The recent announcement between Sun and AOL Time Warner to develop next-generation Internet software to allow users to access the Internet through devices ranging from PDA to Web televisions and cell phones, confirms our belief. According to Bloomberg, the AOL deal also includes purchases of Sun's services and equipment valued at $900 million. As industrial giants, including AOL and eBay, continue to purchase Sun's products and services, other smaller players could soon follow.

In contrast to the overall NASDAQ market showing negative sentiment to be somewhat bottomed out in mid- January, Wall Street investors still remain extremely pessimistic on Sun Micro. We believe that persistent weak macro economic environments as well as a slew of Wall Street analysts' negative views on the company outlook could be partly responsible for the observed Sun negative sentiment.

Earlier this week, Mr. Tom Kraemer, Merrill Lynch's hardware analyst, criticized the company during an interview with CNBC, the financial news network of NBC, that some of his contacts were telling him that the company (Sun) will not be introducing a mid-range server product at its analyst meeting in San Francisco on February 5.  Mr. Kraemer's comment drove nervous Sun investors to a big sell-off and the share price dropped as much as 5 percent during mid-day trading.

Merrill Lynch's comment, however, was denied later by Sun's Spokeswoman, Ms. Elizabeth McNichols, in an interview with Reuters. "Everything is on track... We never said we were introducing the new servers at the analyst conference... We're not coming out with them at the conference, and we're not going to indicate the exact date that we're coming out with them, for competitive reasons, primarily." added Ms.

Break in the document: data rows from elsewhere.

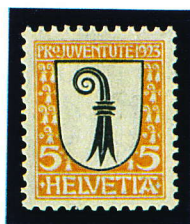
1923 - 5c.+5c. Blason Y.T. N°192
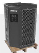
Se entrega en paleta de madera
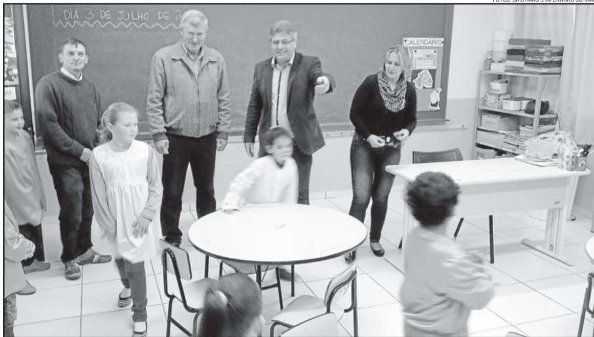
Alunos estão felizes com as novas salas de aula

A diretora da Escola Cátia Brune falou emocionada das dificuldades pela qual o educandário passou. “No início de Westfália havia a possibilidade de fechar, mas com esforço dos professores e das famílias a escola continuou
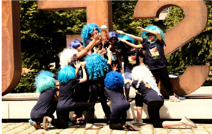
Liquid City 2019 – Nähe & Gemeinsamkeit sind Geschichte ?!

McNichols in the Reuters' report.

Based upon our analysis, investor negative sentiment has contracted Sun's P/E multiple from the peak in the mid-130 down to now below 50. We believe that the P/E multiple could re-expand to the mid-range level, which is about 75, if the macroeconomic environment shows some signs of improvement, which allows the company's top and bottom lines to resume its growth path. Under the assumption that Sun can achieve earnings growth of at least 25 percent this year, our investor sentiment model suggests that Sun's share price could rise to $60 in the next 12 months. 

Our "growth" P/E model, showing SUN's growth P/E multiple (defined as P/E multiplies by earnings growth) at an unprecedented level below one, also suggests that SUN's shares could present an extreme value for long-term "main-street" investors.